Saturday 31 December 2016

Vassa in the Night

Vassa in the Night

Vassa in the Night is by Sarah Porter

In the enchanted kingdom of Brooklyn, the fashionable people put on cute shoes, go to parties in warehouses, drink on rooftops at sunset, and tell themselves they’ve arrived. A whole lot of Brooklyn is like that now—but not Vassa’s working-class neighborhood.

In Vassa’s neighborhood, where she lives with her stepmother and bickering stepsisters, one might stumble onto magic, but stumbling away again could become an issue. Babs Yagg, the owner of the local convenience store, has a policy of beheading shoplifters—and sometimes innocent shoppers as well. So when Vassa’s stepsister sends her out for light bulbs in the middle of night, she knows it could easily become a suicide mission.

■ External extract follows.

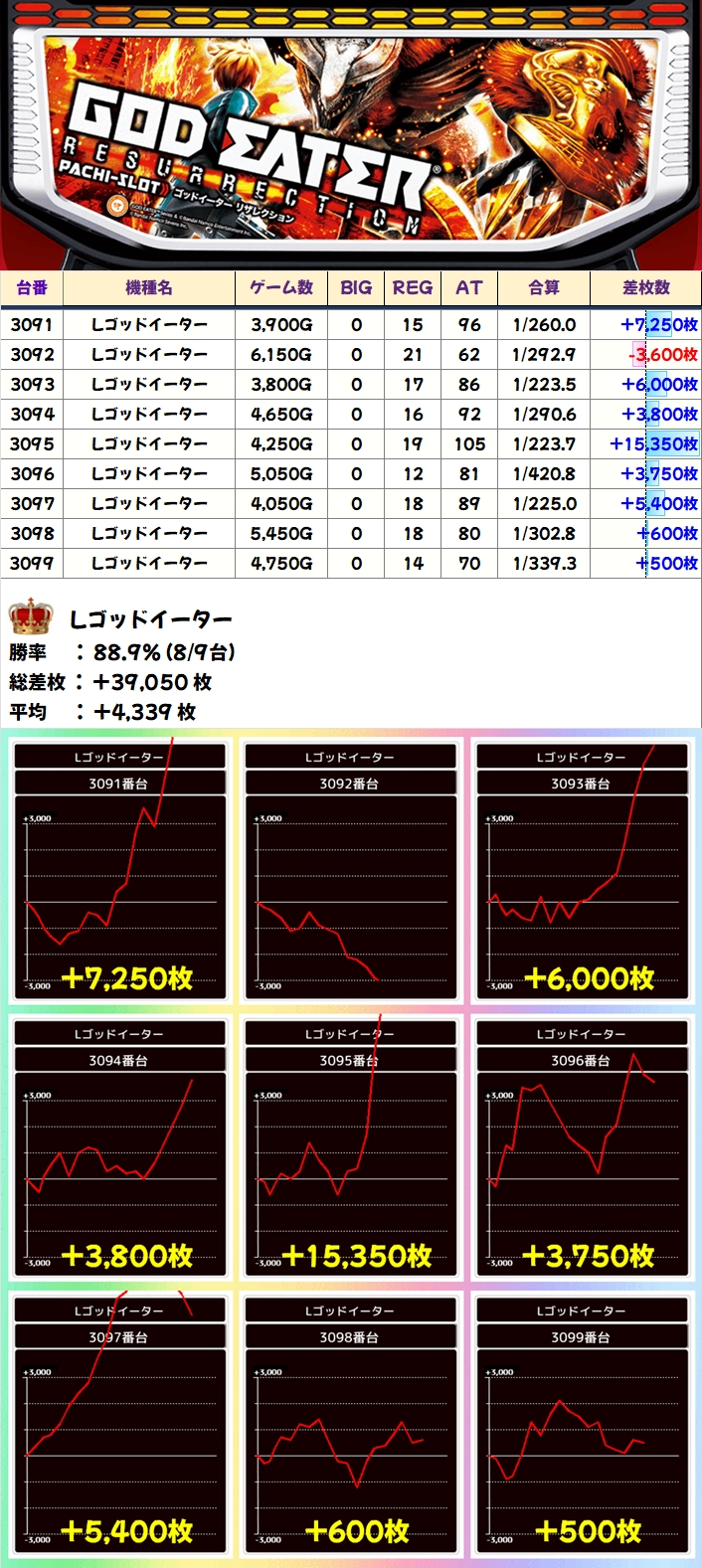 【全台系濃厚】Lゴッドイーター(8/9台+)→平均+4,339枚

But Vassa has a bit of luck hidden in her pocket, a gift from her dead mother. Erg is a tough-talking wooden doll with sticky fingers, a bottomless stomach, and a ferocious cunning. With Erg’s help, Vassa just might be able to break the witch’s curse and free her Brooklyn neighborhood. But Babs won’t be playing fair…

The Breakdown:
1. Porter book is a take on Russian folklore Vasilisa the Beautiful, and you know how I love re-imagined fairy tales. I felt that Porter did a good job staying true the original story while making it her own.

2. I have a bit of trouble liking Vassa.  She would honestly be very boring if it was not for her live wooden doll Erg.  It was really hard to get a good grasp on her personality. She kind of stumbles through the things that Babs task her with doing with no clue about what is going on around her.

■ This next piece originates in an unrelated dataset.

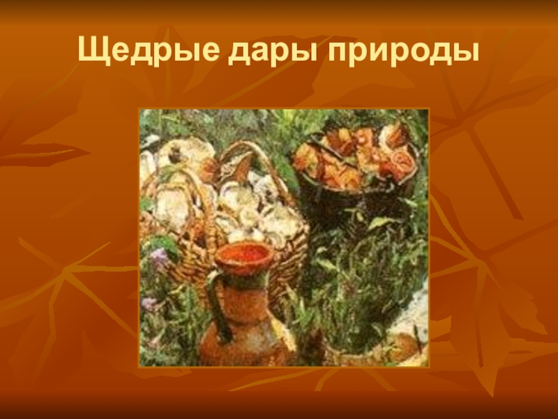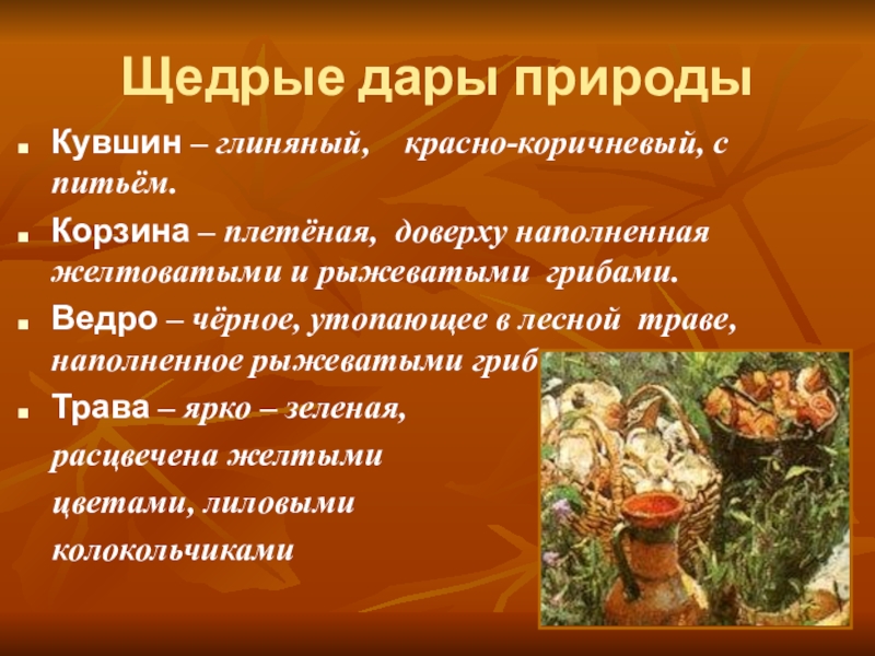 Щедрые дары природыКувшин – глиняный,  красно-коричневый, с питьём.Корзина – плетёная, доверху наполненная желтоватыми и рыжеватыми грибами.Ведро

3. For me, it was the rest of the characters in the book that make the story. Erg, who always seems to know what is exactly going on.  She is a sassy, kleptomaniac doll who I really enjoyed. Babs who you just know is more than a shop owner from the beginning. Her assistants, Sinister and Dexter, who happened to be disembodied hands.  To Night, trapped in a humanoid body.

4.  I did enjoy the world building in this. The BY dancing on the traditional Baba Yaga's chicken legged house. The hidden rooms in the store and the magic in the store, all made the story good, despite Vassa being rather boring.